海外ドラマを使って英語表現を学ぶ『ドラマdeエイゴ』へようこそ。『ホワイトカラー』シーズン3第11話は、限られた時間の中で難しい判断を迫られるピーターたちの緊迫が続く回です。相手はわざと軽口を挟んで感情を煽ろうとしますが、ピーターたちはその挑発に付き合わず、事態を前に進めるための言葉を積み重ねていきます。相手を揺さぶるために操作される言葉と、それに巻き込まれず状況を動かすための言葉の対比が、この回の会話の随所に表れています。
あらすじ(ネタバレなし)
『ホワイトカラー』シーズン3第11話では、ケラーがエリザベスを人質に取り、財宝と引き換えに解放すると持ちかけてくる。

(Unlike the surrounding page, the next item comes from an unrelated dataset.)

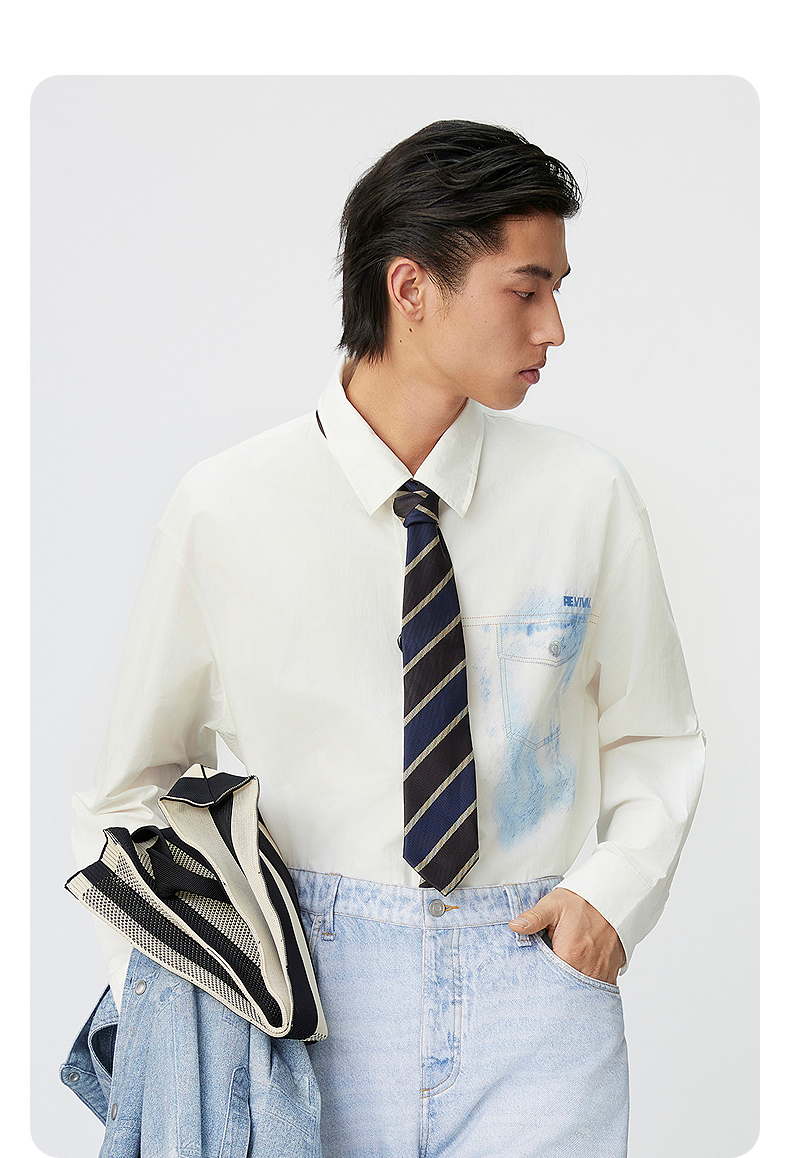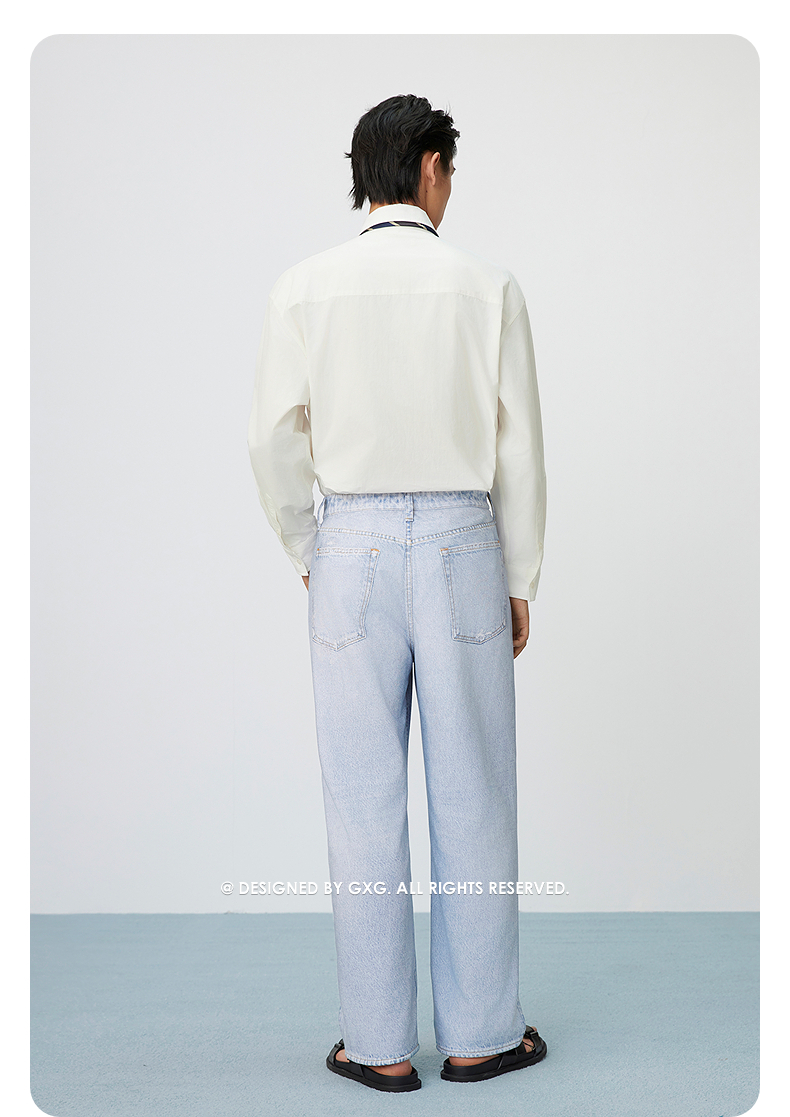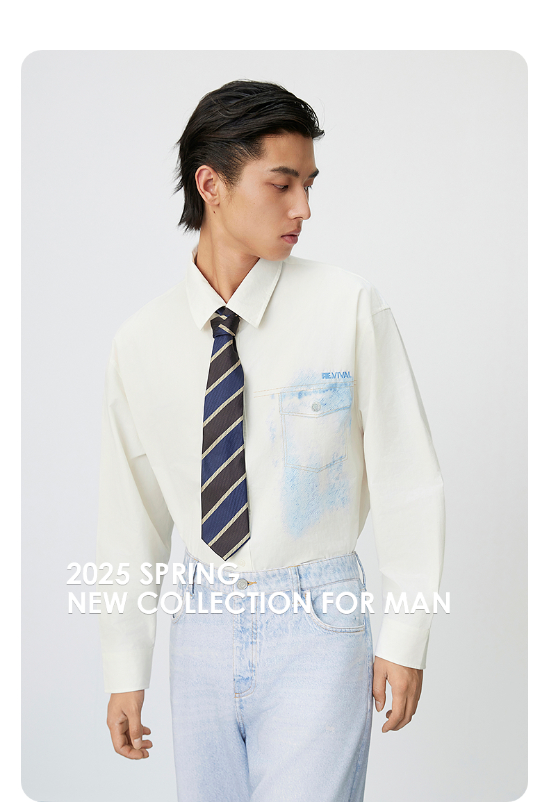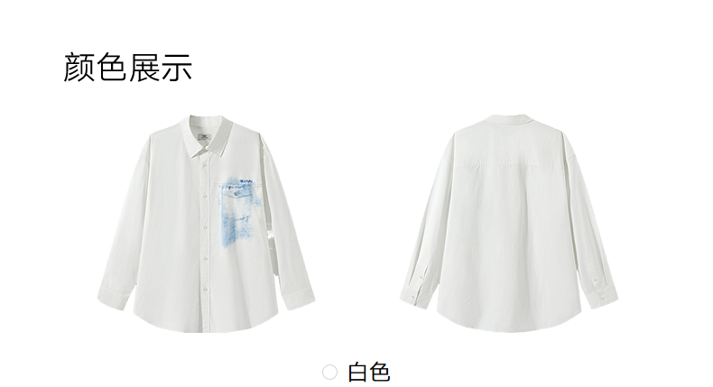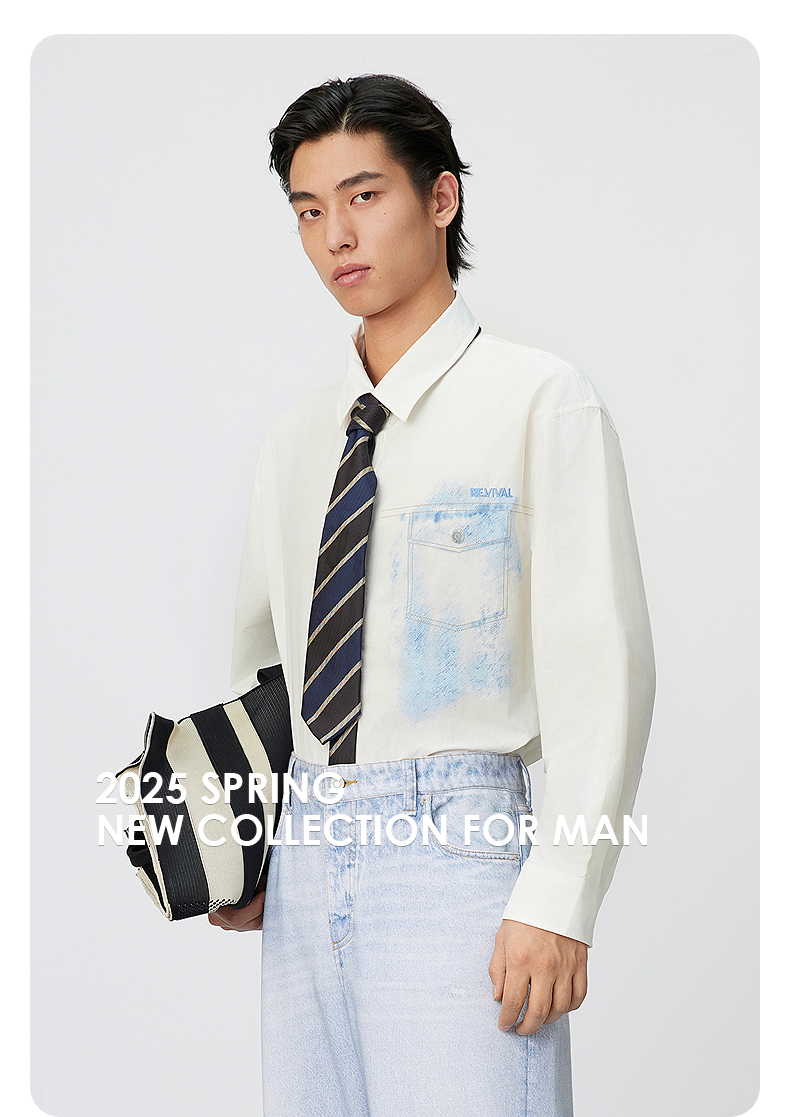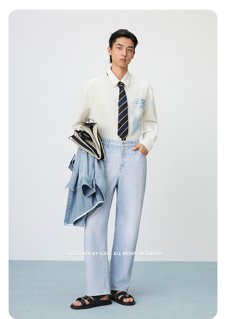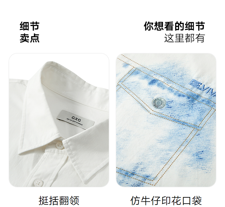 GXG男装 白色仿牛仔口袋设计时尚潮流长袖衬衫 25年春热卖

ピーターとニール、モジーは限られた時間の中で、エリザベスの安否を最優先にしながらケラーの要求にどう応じるか難しい判断を迫られる。ジョーンズとダイアナのチームは並行して手がかりを追い、押収物や現場に残された痕跡から居場所を絞り込もうとする。警察の証拠保管という思わぬ壁も立ちはだかり、事態は緊迫の度を増していく。『ホワイトカラー』S03E11のあらすじをたどるときは、誰が相手を揺さぶろうとし、誰がそれに乗らず前へ進めようとしているかに注目すると、会話の温度差が見えてくる。
このエピソードで学べる英語フレーズ
1. tug on someone’s heartstrings
(人)の琴線に触れる、感傷的な気持ちにさせるという意味です。
Keller: You two kids are tugging on my heartstrings here.
(お前たち二人には、心の琴線を揺さぶられるね。)
妻との通話を切られた後も呼びかけを続けたピーターに対し、ケラーが皮肉っぽく茶化す場面です。tugging on my heartstringsという本来は温かい響きの言い回しを、人質を取っている当人が軽い調子で口にするところに、相手の感情を逆手に取って余裕を見せつけようとする狡猾さが表れています。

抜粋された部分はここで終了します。